**Task to carry out:**
Scan the records beneath this line for the line holding "Бегала по коридору" and the line holding "现场整齐码放着包装好的礼包,每份都包含着", then transcribe exactly those two and all lines between.

**Entries provided:**
:::

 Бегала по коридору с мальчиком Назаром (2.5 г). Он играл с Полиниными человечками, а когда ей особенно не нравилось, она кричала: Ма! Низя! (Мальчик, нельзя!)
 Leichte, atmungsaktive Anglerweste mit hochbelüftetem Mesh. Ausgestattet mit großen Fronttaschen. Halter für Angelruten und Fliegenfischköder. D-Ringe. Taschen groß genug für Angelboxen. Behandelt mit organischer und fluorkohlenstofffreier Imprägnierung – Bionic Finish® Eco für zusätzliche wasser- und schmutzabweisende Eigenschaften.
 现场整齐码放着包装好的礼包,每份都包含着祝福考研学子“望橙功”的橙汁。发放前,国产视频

:::

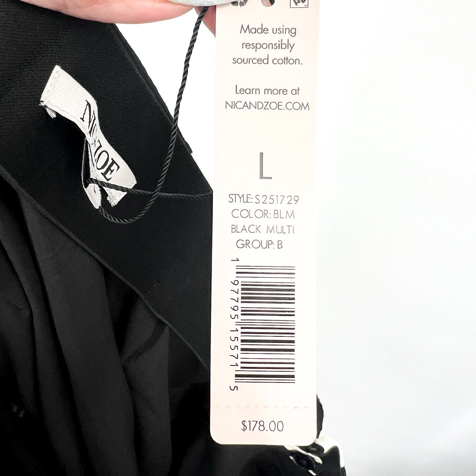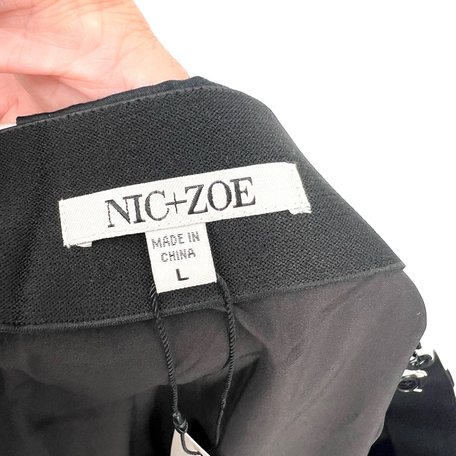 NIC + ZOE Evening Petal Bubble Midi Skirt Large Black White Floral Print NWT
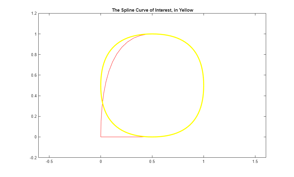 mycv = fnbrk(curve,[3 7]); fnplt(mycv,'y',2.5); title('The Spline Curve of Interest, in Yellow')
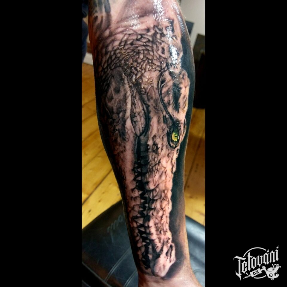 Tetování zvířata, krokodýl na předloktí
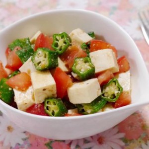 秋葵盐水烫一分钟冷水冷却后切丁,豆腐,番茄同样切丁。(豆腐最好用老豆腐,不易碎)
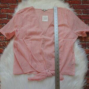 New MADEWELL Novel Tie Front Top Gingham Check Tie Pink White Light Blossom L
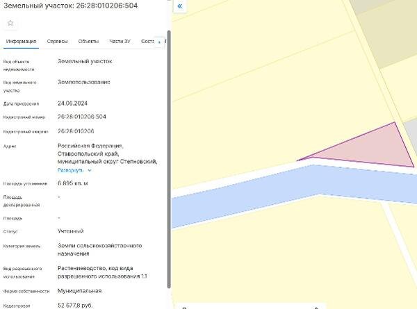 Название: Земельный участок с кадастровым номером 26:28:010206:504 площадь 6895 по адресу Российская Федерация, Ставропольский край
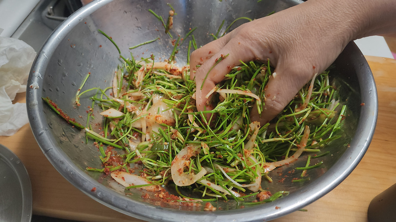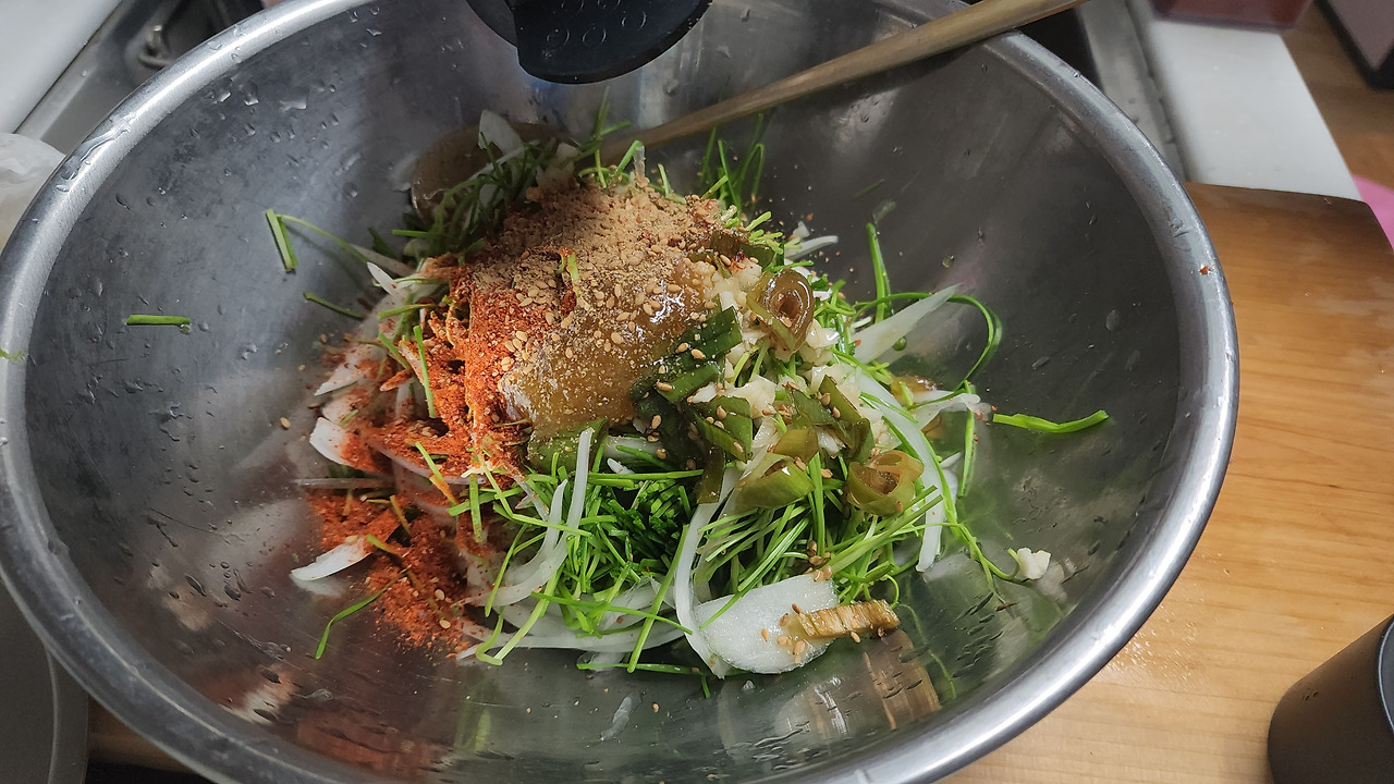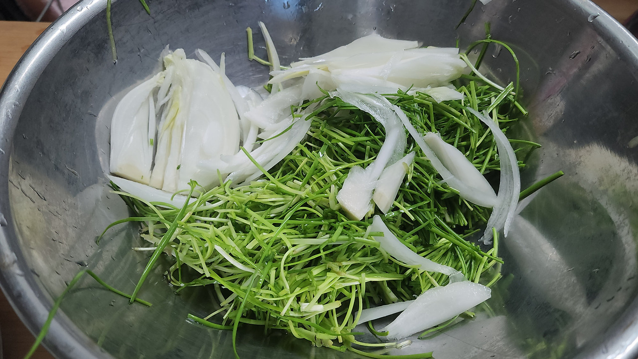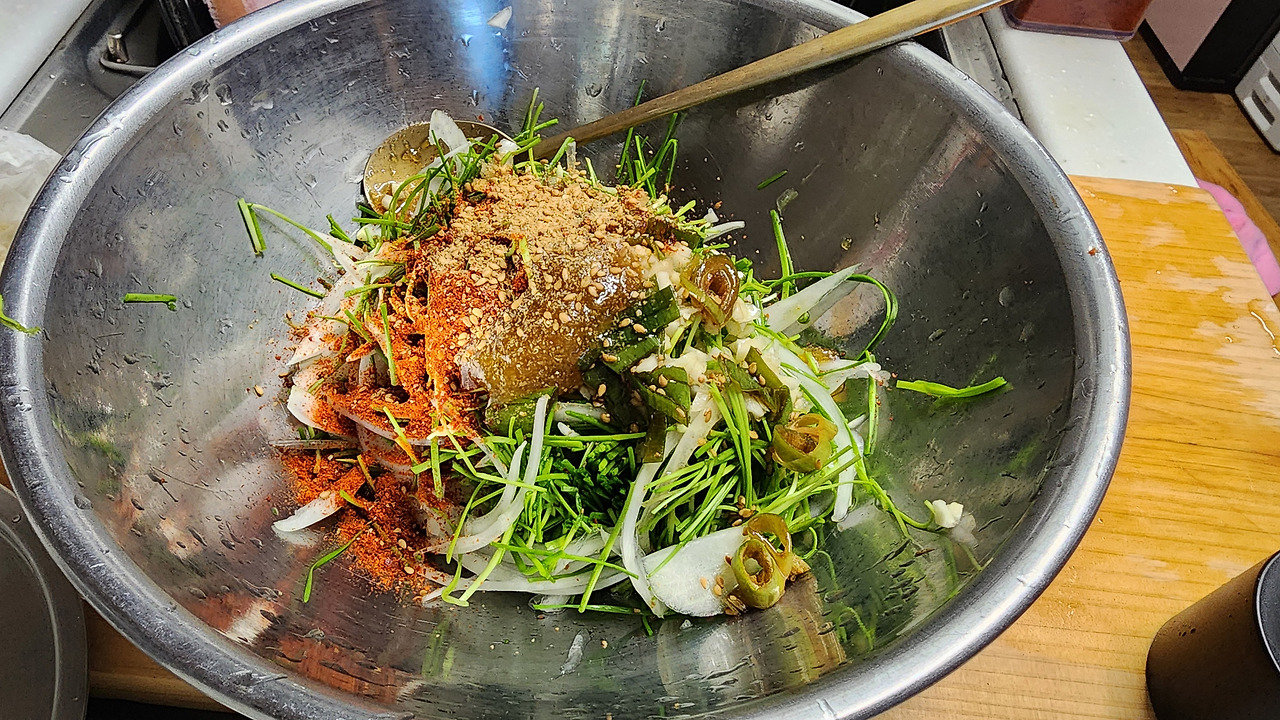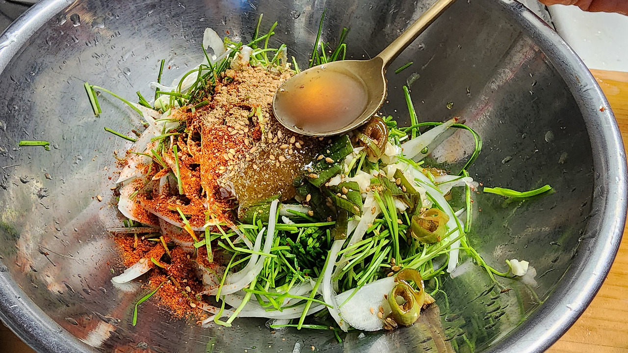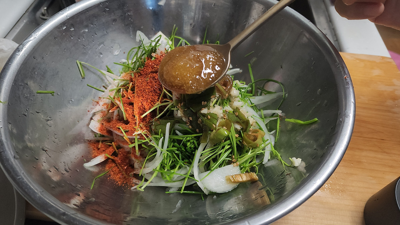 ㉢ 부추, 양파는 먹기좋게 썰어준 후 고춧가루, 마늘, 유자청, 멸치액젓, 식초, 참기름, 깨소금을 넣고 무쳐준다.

:::

**Exercise result:**
 Бегала по коридору с мальчиком Назаром (2.5 г). Он играл с Полиниными человечками, а когда ей особенно не нравилось, она кричала: Ма! Низя! (Мальчик, нельзя!)
 Leichte, atmungsaktive Anglerweste mit hochbelüftetem Mesh. Ausgestattet mit großen Fronttaschen. Halter für Angelruten und Fliegenfischköder. D-Ringe. Taschen groß genug für Angelboxen. Behandelt mit organischer und fluorkohlenstofffreier Imprägnierung – Bionic Finish® Eco für zusätzliche wasser- und schmutzabweisende Eigenschaften.
 现场整齐码放着包装好的礼包,每份都包含着祝福考研学子“望橙功”的橙汁。发放前,国产视频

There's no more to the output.